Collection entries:
== == ==
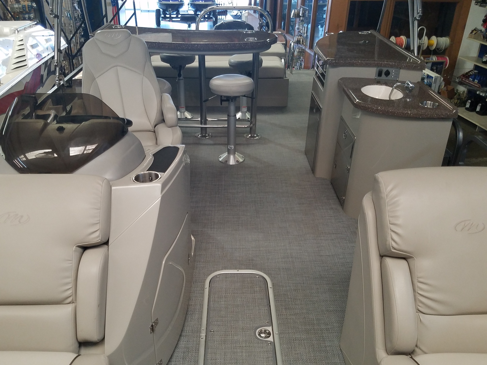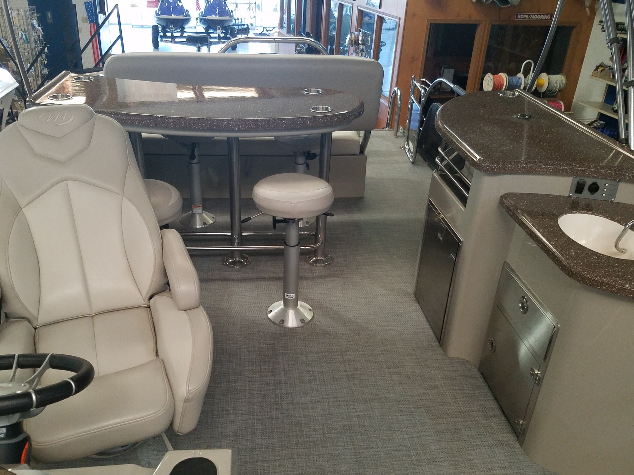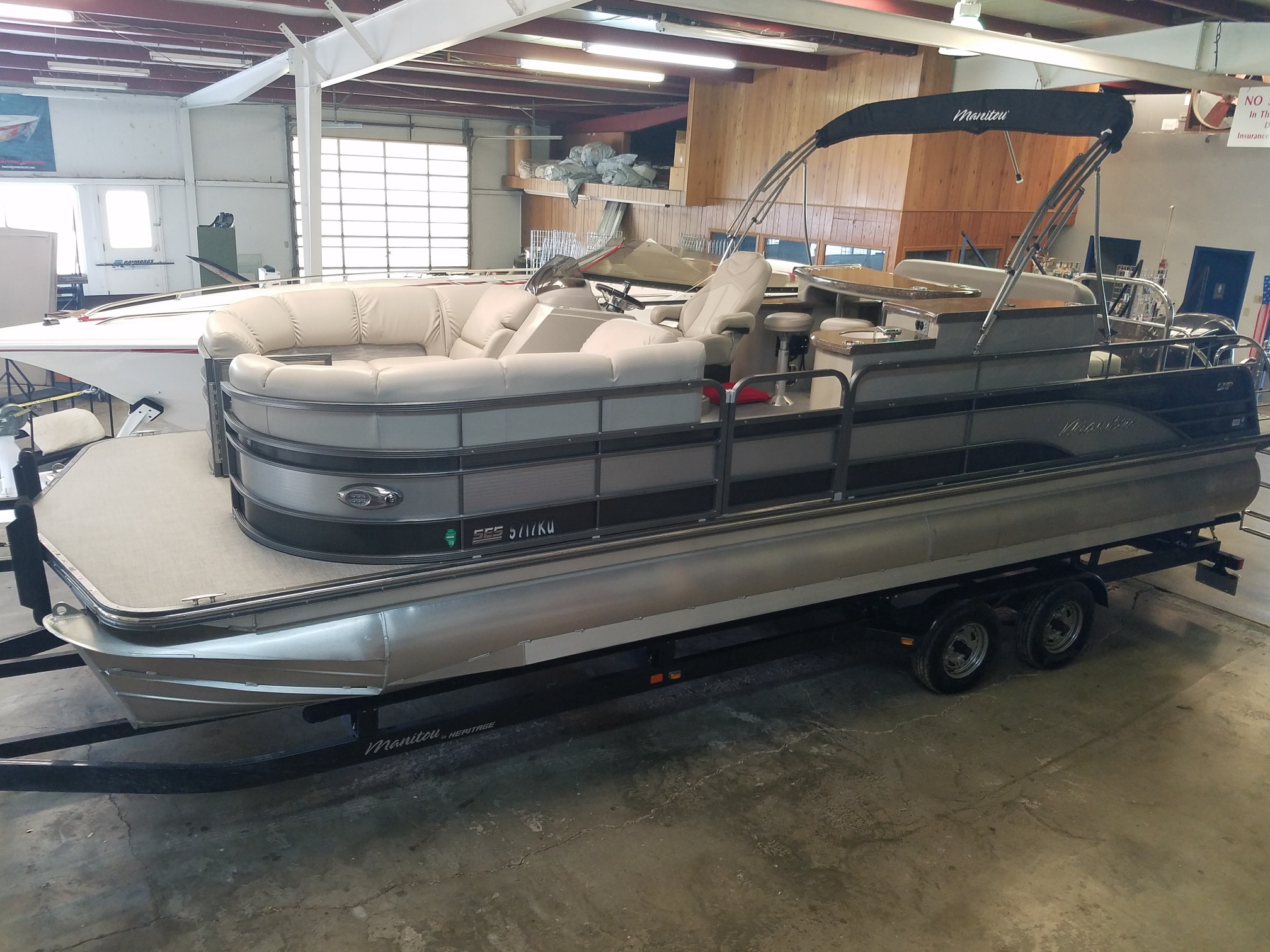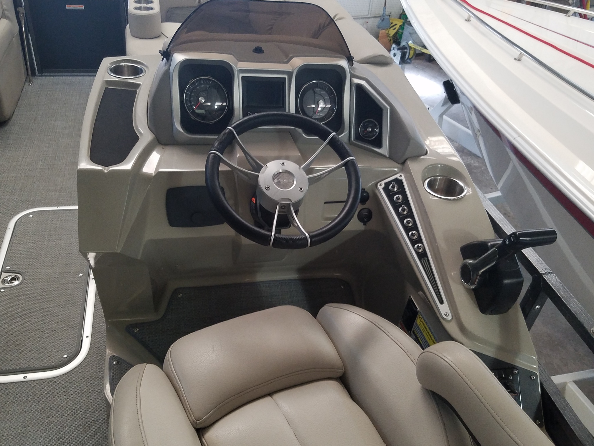2015 HERITAGE TANDEM AXLE TRAILER WITH BRAKES, MOORING COVER, BIMINI TOP, TILT WHEEL, LADDER, SKI TOW, GPS DEPTH FINDER, SINK, REFRIGERATOR, WET BAR, TRASH CAN, LOUNGE SEATS, BAR STOOL SEATS, WATER PUMP, HYDRALIC STEERING, PREMIUM BLUETOOTH SOUND
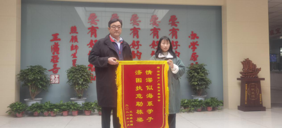 人间自有真情在,爱心资助暖人心。2021年1月4日,商学院王皎蝶同学怀着感恩的心将亲手写的感谢信和“情深似海系学子 济困扶危助栋梁”锦旗送到我校执行董事兼河南省广亚教育基金会名誉理事长王新奇博士手中,以表达她对学校董事会和河南省广亚教育基金会救助的感激之情。
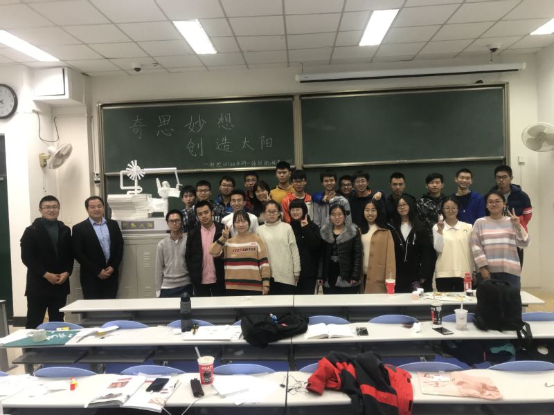 正值第二十七届老员工科技节开展之际,为增强创新意识,促进同学之间团结合作,11月25日下午,材料成型及控制工程1801班与本研一体(机械类)1801班于东环302教室联合举办创新类主题团日活动——“奇思妙想,创造太阳”。本次活动由两班团支书马旭、肖悦共同主持,要求两班同学按比例制作模型。辅导员徐拥军出席本次活动。
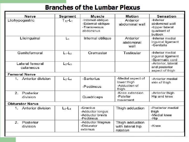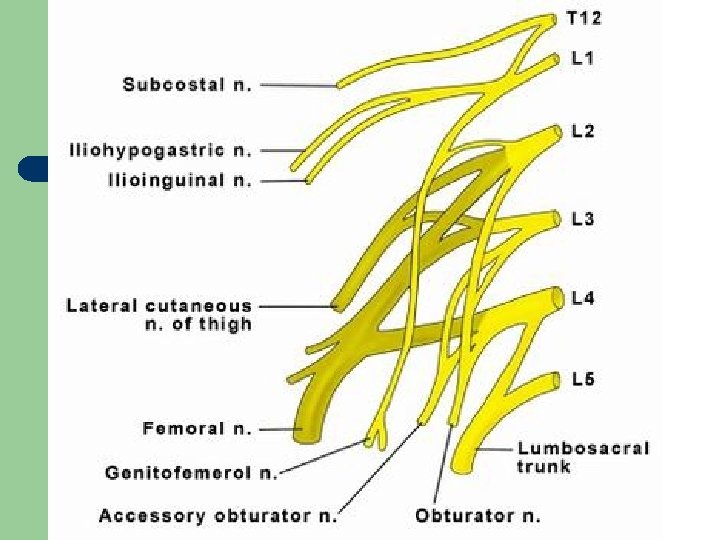 Lumbar Plexus l L 1 variably connected to T 12 (subcostal) and L 2. – Two branches emerge from lateral side of psoas major: l Iliohypogastric: to side of buttock and pubis. l Ilioinguinal: to anterior thigh, scrotum labia majora.
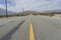 This is an aerial view of a straight road in the California desert, USA. The asphalt road cuts through the rugged mountain landscape, surrounded by vast stretches of nature. On one side, there is a rural area with factories and industrial buildings. On the other side, tall windmills stand against the clear blue sky, harnessing the power of the wind. The surface of the road and the surrounding area are dry and dusty, typical of the desert climate. This photo captures the blend of nature and human intervention in the California desert.
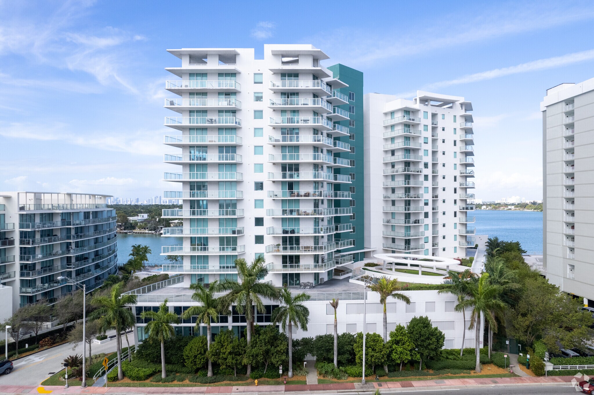 Eden House, a 16-story condominium designed by Kobi Karp Architecture, stands as a modern addition to Miami Beach's North Shore neighborhood. Completed in 2013, this boutique building houses 100 units, offering residents a prime location just steps from the beach. The sleek structure features a clean design with balconies on each floor, complemented by a striking vertical blue element that breaks up the white facade. Situated between the ocean and Biscayne Bay, Eden House provides residents with panoramic views of the surrounding waters and cityscape.
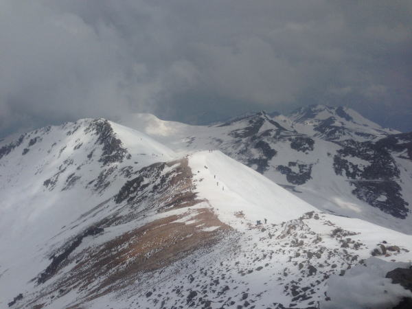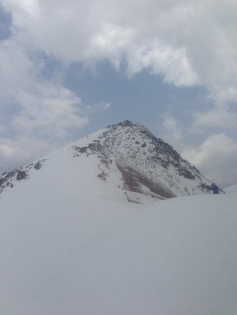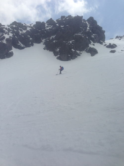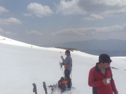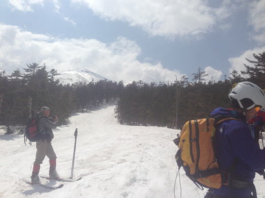 去年よりは雪も多く、雪質も良かったです。頂上直下からの大滑降は、気持ちの良い事、この
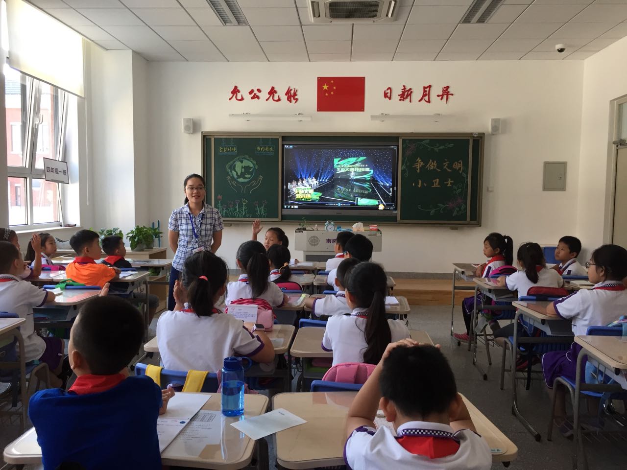 15点20分,记者走进海河教育园区南开学校,看到全部教室的多媒体设备都已开启。在四年一班教室,班主任秦星老师早早地在黑板上写下了几个大字“争做生态文明小卫士”。 15点25分,全市中小学同上生态文明教育课活动正式开始。
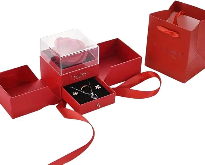 - ღ أفكار هدايا فريدة: يوجد داخل العلبة درج حيث يمكنك وضع بعض المجوهرات كهدية في يوم خاص. يمكنك أيضًا وضع هديتك، تمامًا مثل الخاتم أو السلسلة أو البروش أو الحلقان أو المجوهرات الأخرى في الدرج أو في منتصف الوردة لتقديم مفاجأة كبيرة لمتلقي الهدية. علبة مجوهرات مزينة بزهرة تمثل حبك الأبدي.
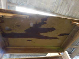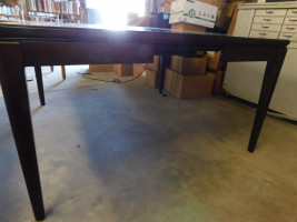 large dining table with mahogany like finish, built in middle leaf, 54” long 54” wide 30” tall, shows signs of wear and tear
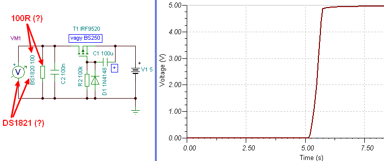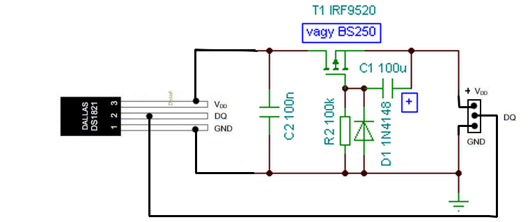 - A BSS84 jobbnak látszik. - Ezzel a bekötéssel, egy probléma van, hogy a DS ugyan később kapja meg a tápot, de a DQ lába azonnal. Hogy ezt hogy tolerálja, nem tudom.. - Esetleg megpróbálhatod "alulról" a negatív ágon kapcsolni a DS-t, egy N-csatornás Fet-el. ekkor ez a gond nem állfenn.. üdv! proli007 |
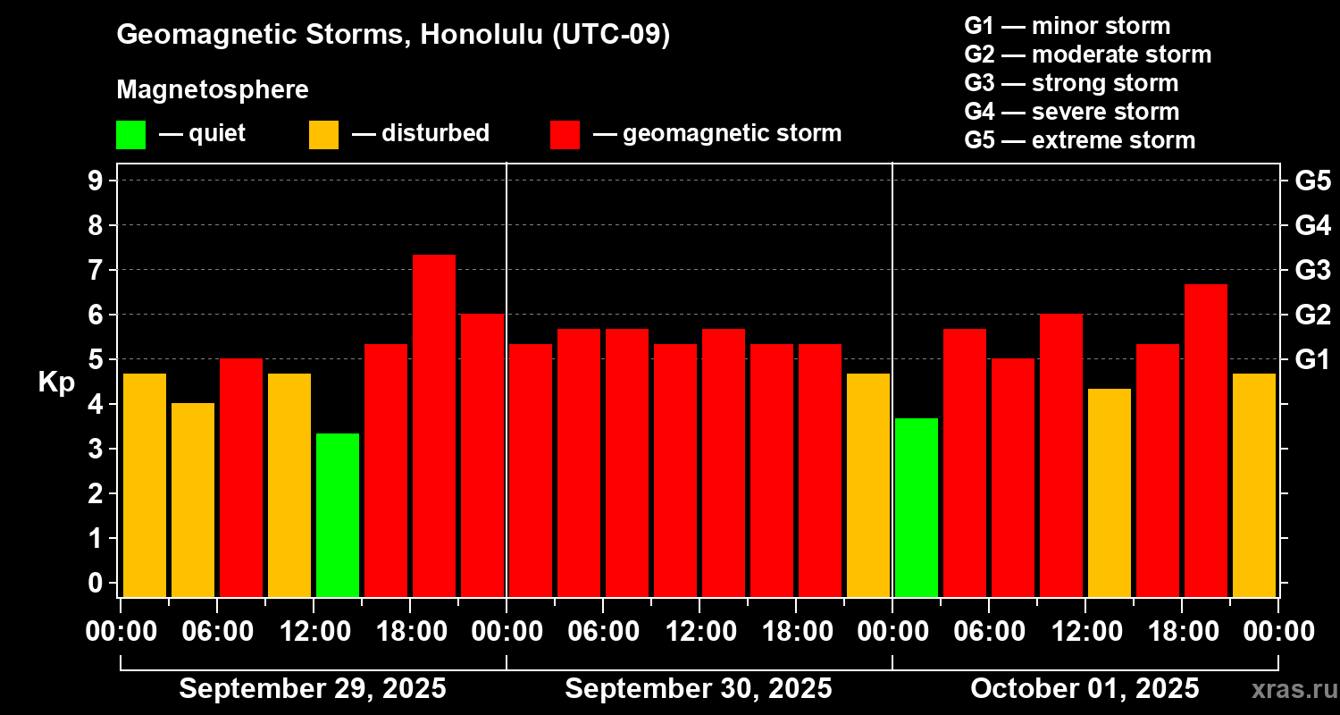 Geomagnetic storms in Honolulu — Oct 01, 2025
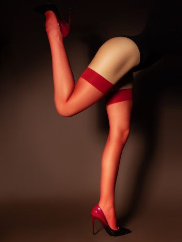 Красные матовые капроновые чулки под пояс – тот элемент одежды, который должен быть у каждой женщины. Главными отличительными особенностями этой модели являются их длина и обхват. На модели они надеты выше середины бедра, но, вы должны знать, что их можно расположить еще выше, при росте 175 см они свободно могут доходить до ягодиц и не пережимать ногу. Благодаря особому плетению затемненные полосочки, если они появятся, можно убрать, поочередно потянув материал сначала по горизонтали, а потом по вертикали несколько раз. Плотность - 20 ден.
== == ==
◆ Your assignment:
Reproduce only the lines running from the beginning of the entries above to the line holding "This is an aerial", inclusive. Pictures stay out of the copy.

◆ Result of this exercise:
2015 HERITAGE TANDEM AXLE TRAILER WITH BRAKES, MOORING COVER, BIMINI TOP, TILT WHEEL, LADDER, SKI TOW, GPS DEPTH FINDER, SINK, REFRIGERATOR, WET BAR, TRASH CAN, LOUNGE SEATS, BAR STOOL SEATS, WATER PUMP, HYDRALIC STEERING, PREMIUM BLUETOOTH SOUND
 人间自有真情在,爱心资助暖人心。2021年1月4日,商学院王皎蝶同学怀着感恩的心将亲手写的感谢信和“情深似海系学子 济困扶危助栋梁”锦旗送到我校执行董事兼河南省广亚教育基金会名誉理事长王新奇博士手中,以表达她对学校董事会和河南省广亚教育基金会救助的感激之情。
 正值第二十七届老员工科技节开展之际,为增强创新意识,促进同学之间团结合作,11月25日下午,材料成型及控制工程1801班与本研一体(机械类)1801班于东环302教室联合举办创新类主题团日活动——“奇思妙想,创造太阳”。本次活动由两班团支书马旭、肖悦共同主持,要求两班同学按比例制作模型。辅导员徐拥军出席本次活动。
 Lumbar Plexus l L 1 variably connected to T 12 (subcostal) and L 2. – Two branches emerge from lateral side of psoas major: l Iliohypogastric: to side of buttock and pubis. l Ilioinguinal: to anterior thigh, scrotum labia majora.
 This is an aerial view of a straight road in the California desert, USA. The asphalt road cuts through the rugged mountain landscape, surrounded by vast stretches of nature. On one side, there is a rural area with factories and industrial buildings. On the other side, tall windmills stand against the clear blue sky, harnessing the power of the wind. The surface of the road and the surrounding area are dry and dusty, typical of the desert climate. This photo captures the blend of nature and human intervention in the California desert.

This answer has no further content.